Should we abandon the coin model for the siren song of the vitamin/medicine/poison metaphor? No, since that would be like shining the flashlight stubbornly in only one corner of the basement when we hear something scuttling down there at 2 am, while your spouse is out of town and the damned dogs are crying in their crates because they know something is down there, and there you are, refusing to move the beam to that dark, damp corner you know is there, where the hole in the foundation you discovered last summer may have let something unseemly crawl inside which now scurries about seeking…god knows what.

Well. That last paragraph was a little overdramatic, but you get the point.

Whatever set of frames we choose, and choose we must, shame is certainly having contradictory effects. This is to be expected, and in fact, if our view of reality showed only the good side or only the bad side of shame -i.e. if we didn’t see the contradictory effects of shame — that might be an indicator that our view of shame is missing something important.

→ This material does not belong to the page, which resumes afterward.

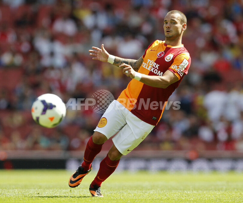 パスを狙うガラタサライのウェズレイ・スナイデル(Wesley Sneijder、2013年8月3日撮影)。(c)AFP/IAN KINGTON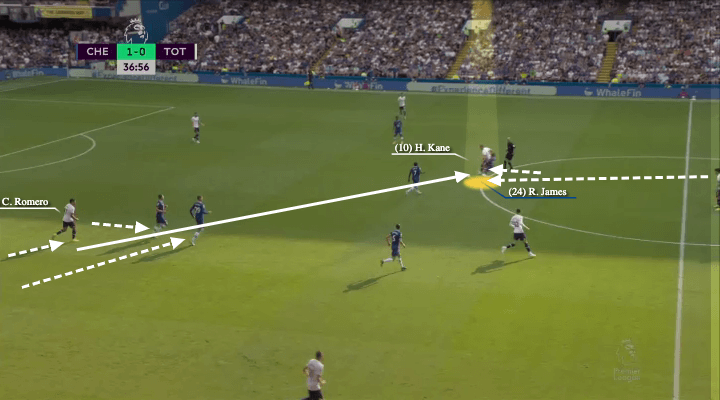 在下面的例子中,扮演右中卫的里斯-詹姆斯前压干扰凯恩。

A useful rule of thumb might suggest that we never trust a model that says, ‘It’s all good!’ or ‘It’s all bad.’ Looking for the coexistence of opposite effects should serve as a sign that you are at least awake, and as a cue to pick up a different mental model or metaphor to understand what has until now, been obscured.

If we’re in a cultural or personal basement, we ought not stubbornly shine the spotlight in one corner thinking our vigilance will save us. It might be wiser to shine the light in different corners knowing full well that we’ll be obscuring other corners in that very act of truth-seeking. There is a cost to this and the cost is giving up certainty — no mean feat in turbulent times. Perhaps compassion for ourselves, and even for the shameless ones who shit on everything would be better when we, and they, cling to certainty thus blinding ourselves by staring at the light of a single, brilliant metaphor.